REQUIRED ACTION: Using the material below, print a verbatim copy of every line from the one containing "富国岛豪华双体帆船包船拼团游艇出海一日游浮潜海钓海鲜BBQ午餐" through the one containing "대청호 호반길 5코스에", inclusive, and omit the pictures.

INPUT DATA:
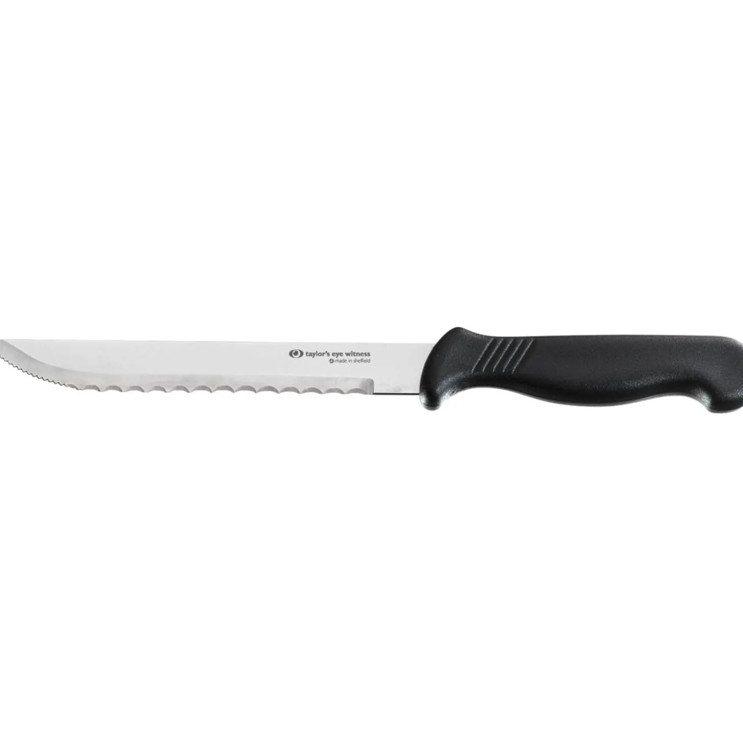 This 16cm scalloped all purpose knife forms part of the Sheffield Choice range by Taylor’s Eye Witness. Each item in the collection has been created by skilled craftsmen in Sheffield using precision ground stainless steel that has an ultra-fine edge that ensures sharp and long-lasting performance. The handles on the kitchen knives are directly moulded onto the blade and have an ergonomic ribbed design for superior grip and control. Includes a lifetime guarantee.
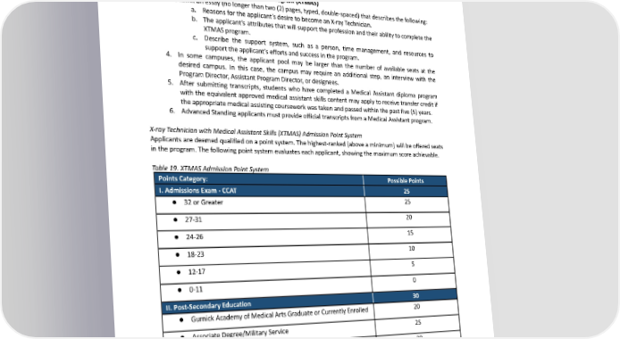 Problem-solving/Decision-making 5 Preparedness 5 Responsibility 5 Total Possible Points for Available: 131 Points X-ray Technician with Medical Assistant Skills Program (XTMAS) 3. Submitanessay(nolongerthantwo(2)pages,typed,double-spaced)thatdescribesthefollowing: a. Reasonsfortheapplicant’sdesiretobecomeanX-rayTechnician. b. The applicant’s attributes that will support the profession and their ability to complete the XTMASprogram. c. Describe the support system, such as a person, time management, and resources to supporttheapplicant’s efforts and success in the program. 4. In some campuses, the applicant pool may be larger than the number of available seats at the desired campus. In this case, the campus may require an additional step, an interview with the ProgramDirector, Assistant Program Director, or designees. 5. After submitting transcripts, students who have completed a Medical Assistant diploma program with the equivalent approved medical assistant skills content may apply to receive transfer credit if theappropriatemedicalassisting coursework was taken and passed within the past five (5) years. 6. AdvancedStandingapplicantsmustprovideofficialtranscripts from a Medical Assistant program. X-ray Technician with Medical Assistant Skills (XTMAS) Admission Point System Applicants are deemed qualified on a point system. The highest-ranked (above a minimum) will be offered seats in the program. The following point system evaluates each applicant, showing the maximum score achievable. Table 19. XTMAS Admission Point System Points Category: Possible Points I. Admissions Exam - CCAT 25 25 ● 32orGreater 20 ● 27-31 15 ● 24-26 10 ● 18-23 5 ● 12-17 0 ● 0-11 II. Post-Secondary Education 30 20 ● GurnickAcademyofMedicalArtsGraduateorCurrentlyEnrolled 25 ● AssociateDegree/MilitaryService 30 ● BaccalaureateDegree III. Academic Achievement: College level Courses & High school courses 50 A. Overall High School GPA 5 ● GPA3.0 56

---

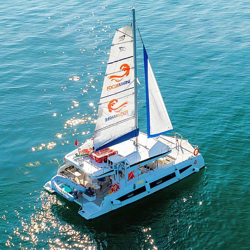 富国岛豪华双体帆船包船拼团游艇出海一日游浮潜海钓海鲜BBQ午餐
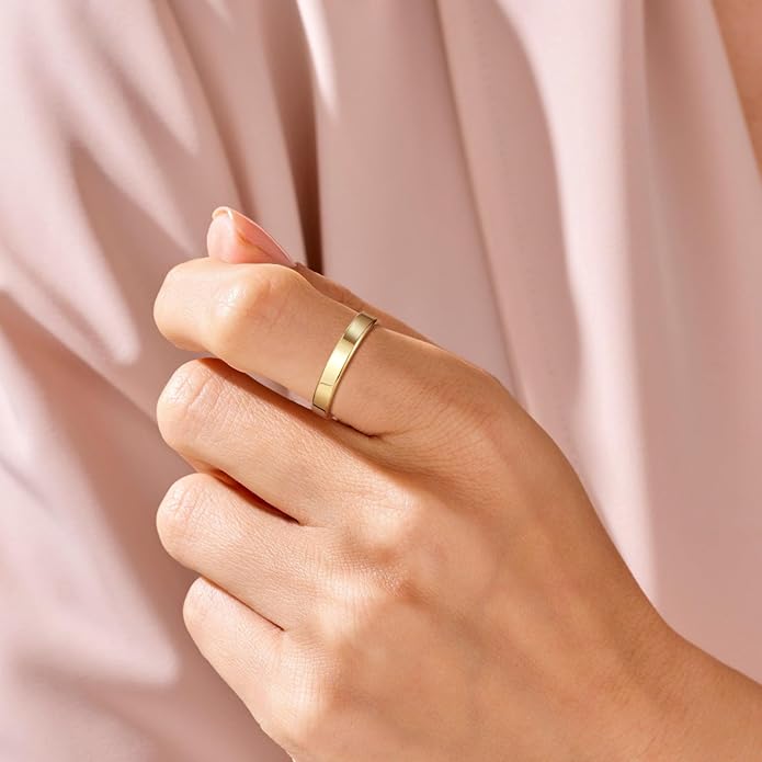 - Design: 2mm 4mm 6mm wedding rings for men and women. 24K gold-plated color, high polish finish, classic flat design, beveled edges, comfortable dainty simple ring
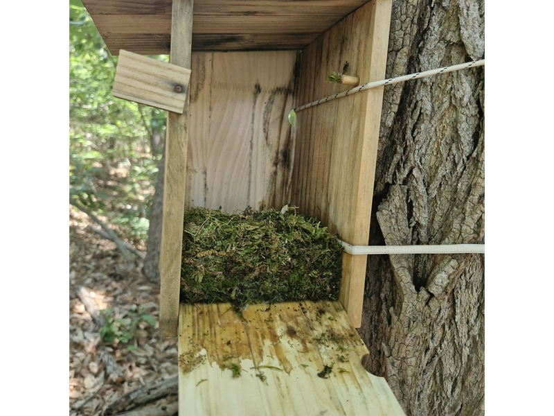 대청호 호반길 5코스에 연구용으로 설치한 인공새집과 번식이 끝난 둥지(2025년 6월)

THE ANSWER:
 富国岛豪华双体帆船包船拼团游艇出海一日游浮潜海钓海鲜BBQ午餐
 - Design: 2mm 4mm 6mm wedding rings for men and women. 24K gold-plated color, high polish finish, classic flat design, beveled edges, comfortable dainty simple ring
 대청호 호반길 5코스에 연구용으로 설치한 인공새집과 번식이 끝난 둥지(2025년 6월)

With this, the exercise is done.